I want to show you how you can use R to unzip and then extract data from a file all in one step. By the way, it’s really, really easy!

Let’s start off by looking at the code, this is all of it!:

image

  1. On line one, we are declaring a variable called data, this variable will store the results of our expression.
  2. On line two we are using read.csv to extract the results from the csv file, Customer Sales, and these results are stored in the variable from step one, please note that this process can not occur until after the file has been unzipped.
  3. On lines three and four we are using UNZ to unzip the file Customer Sale.zip and then return the file Customer Sales.csv.

And that’s it!

Wait, wait, wait…. What is line seven? Well, line seven allows me to test the results in R Studio. This is not needed for the importing data into Power BI Desktop. Oh, that reminds me, we need to import the data into Power BI Desktop!

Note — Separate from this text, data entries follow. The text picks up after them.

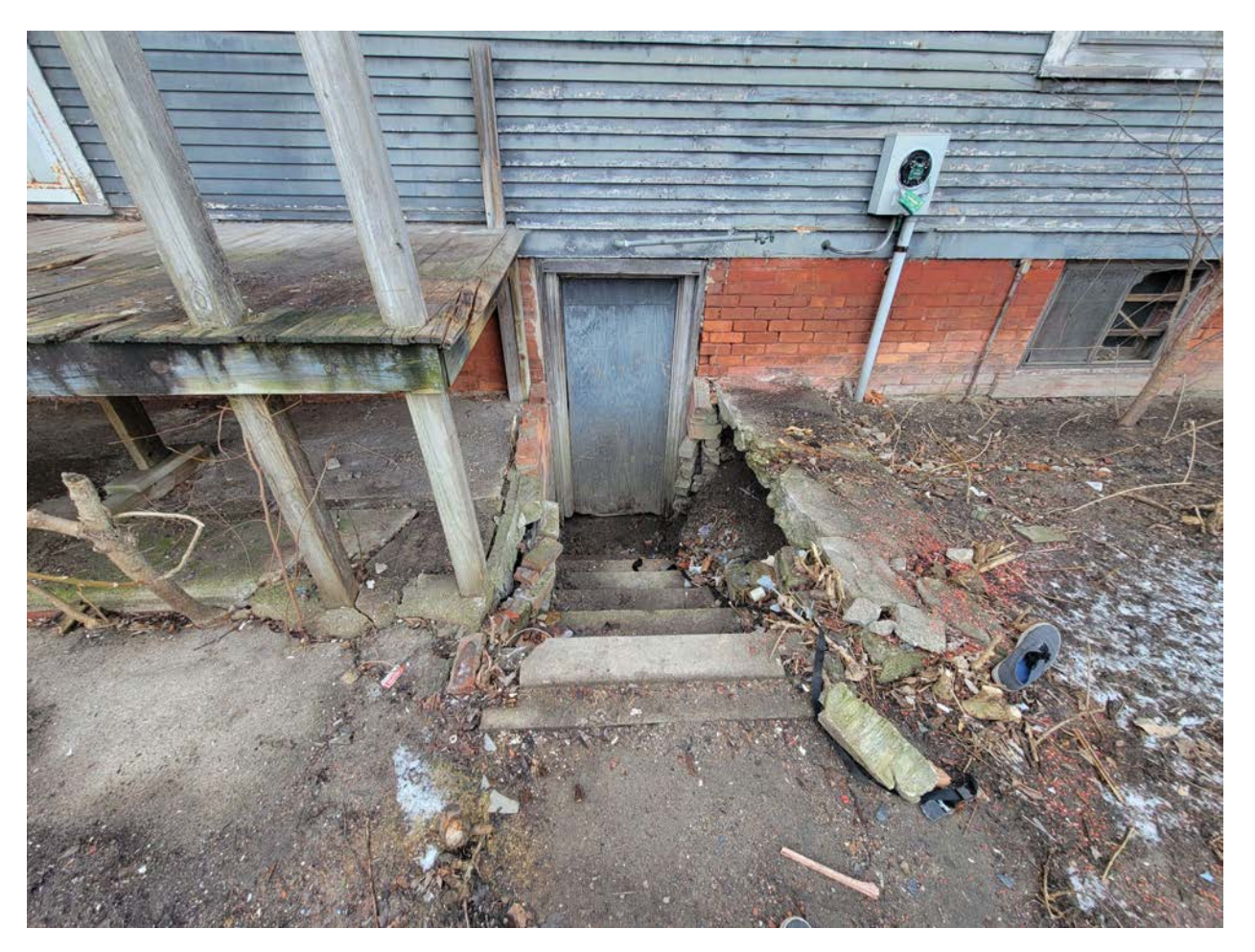
Basement Door Detail
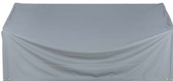
JACK OUTDOOR RAINCOVER 19971 180 cm - 71"
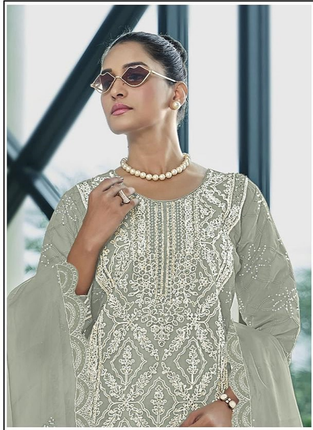
TOP Orange Kedding Embroidered With Japer
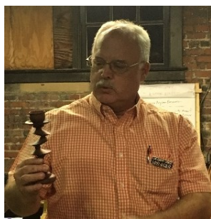
David Anliker—Offset candle stick

Importing data using R in Power BI Desktop

As you are already aware, there are a lot of data sources available in Power BI, it shouldn’t surprise you that one of those data sources is R. Now let’s walk through how we can quickly import data from an R script into Power BI Desktop.

From the home ribbon in Power BI, click Get Data –> Other –> R Script. See screenshot below:

image

This will launch the R Script editor. As I previously mentioned, this script editor is simply a text box. Now we simply paste in our code from R studio, or if you happen to be an R aficionado you can just type your code in this box, as seen below:

image

Once we click ok, the Navigator window will open. Since we only declared one variable in our script, only one option will be provided. From here, everything is exactly the same as any other data source.